Here is the detailed architectural workflow of how IP Address Management (IPAM) delegates IP blocks while mathematically guaranteeing zero overlap.

1. Defining the Global Address Space

The foundation of this delegation begins at the cluster configuration level. The cluster administrator defines a large, global IP range for the entire cluster's Pod network using the --cluster-cidr flag on the kube-controller-manager (or cloud-controller-manager).

The administrator also configures the size of the subnet that will be handed out to each individual node using the --node-cidr-mask-size-ipv4 and --node-cidr-mask-size-ipv6 flags.

  • By default, Kubernetes uses a /24 mask size for IPv4 (yielding 254 usable IPs per node) and a /64 mask size for IPv6.
  • Example: If the --cluster-cidr is 10.244.0.0/16 and the mask size is /24, the control plane has $2^8$ (256) non-overlapping /24 subnets (blocks of 254 IPs) available to distribute across the cluster's worker nodes.

2. Centralized Delegation (Node IPAM Controller)

When a new worker node joins the cluster, it registers itself with the API server.

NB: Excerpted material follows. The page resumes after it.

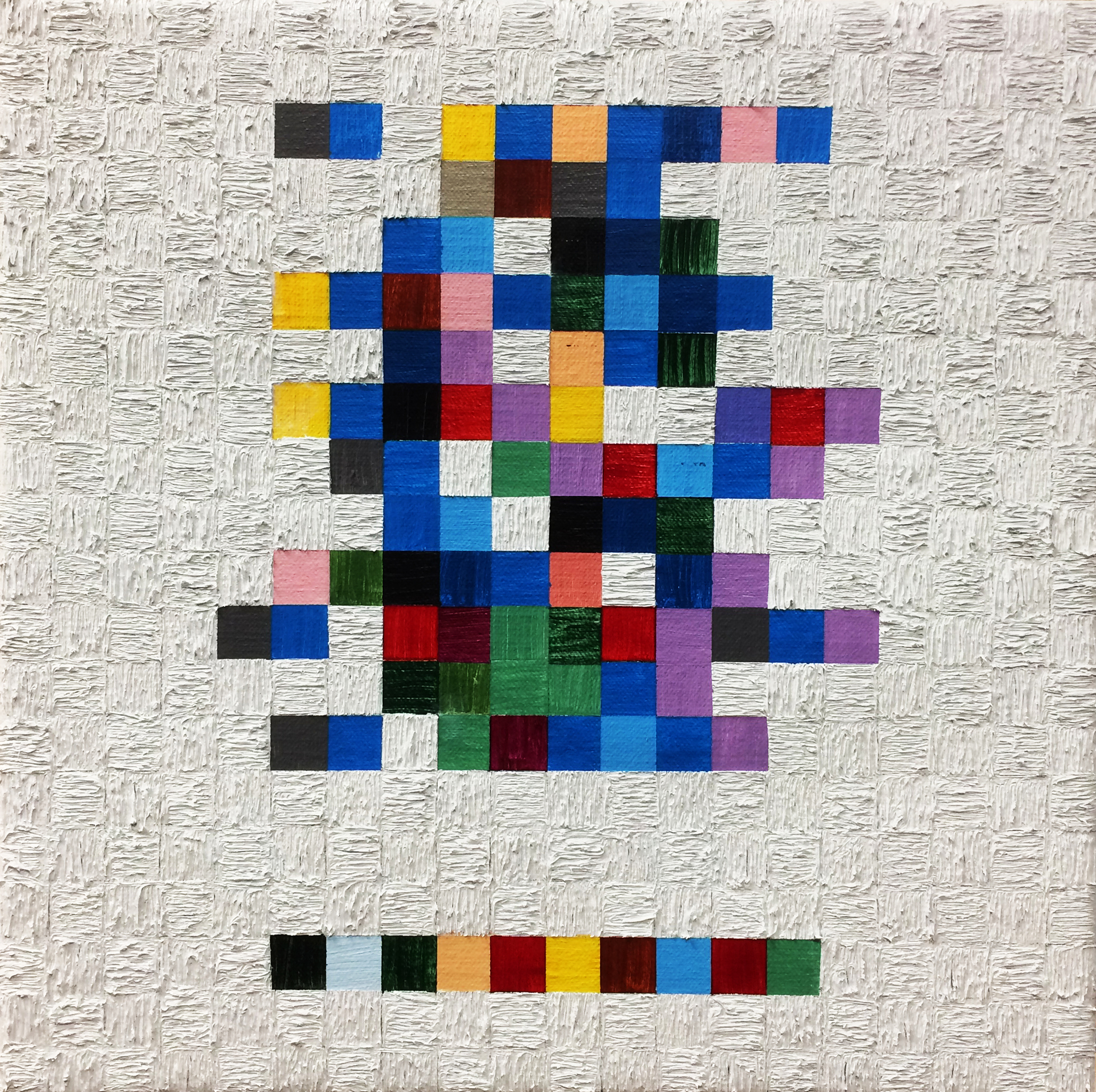 Thema: Chaos (Geometrische Chaos) Mijn kunst is beïnvloedt door de moderne wiskundige en wetenschappelijke benadering van het begrip complexe orde van de natuur. Met name heb ik me verdiept in de Chaos theorie en de fractal geometrie. Ik ben geen wiskundige, en ik gebruik geen wiskundige formules. De ideeën van de Chaos theorie en fractal geometrie leiden tot de ontwikkeling van de composities in mijn werk. Ik gebruik driehoeken,vierkanten en cirkels in mijn schilderijen, maar in mijn huidige serie, geoChao richt ik me alleen op de vierkanten en de verhoudingen tussen de vierkanten. Ik ontwikkel mijn composities door kleine vierkantjes op grote te zetten of grote op kleine te zetten. Het gaat om de onderlinge verhoudingen tussen de vierkanten. Ik laat de methode die ik kies de compositi

At this point, the node has no idea what IP addresses it is allowed to assign to its Pods.

The responsibility of assigning an exclusive subnet falls to the Node IPAM Controller (often operating as part of the broader Node Controller within the kube-controller-manager).

  1. The controller detects the newly registered, uninitialized worker node.
  2. It references its internal, centralized map of the global --cluster-cidr to find the next contiguous, unallocated block of IP addresses.
  3. It assigns this exclusive block to the node, writing the allocation directly into the Node API object's .spec.podCIDR field (and .spec.podCIDRs in dual-stack clusters).

How this ensures zero overlap: Because the Node IPAM controller acts as the strict, single source of truth for the global cluster CIDR, it mathematically guarantees that no two worker nodes are ever delegated the same IP block.

3. Local Authorization (host-local IPAM)

Once the node has been delegated its exclusive CIDR block, the control plane completely steps back. The actual assignment of specific IP addresses to individual Pods is handled entirely locally on the worker node.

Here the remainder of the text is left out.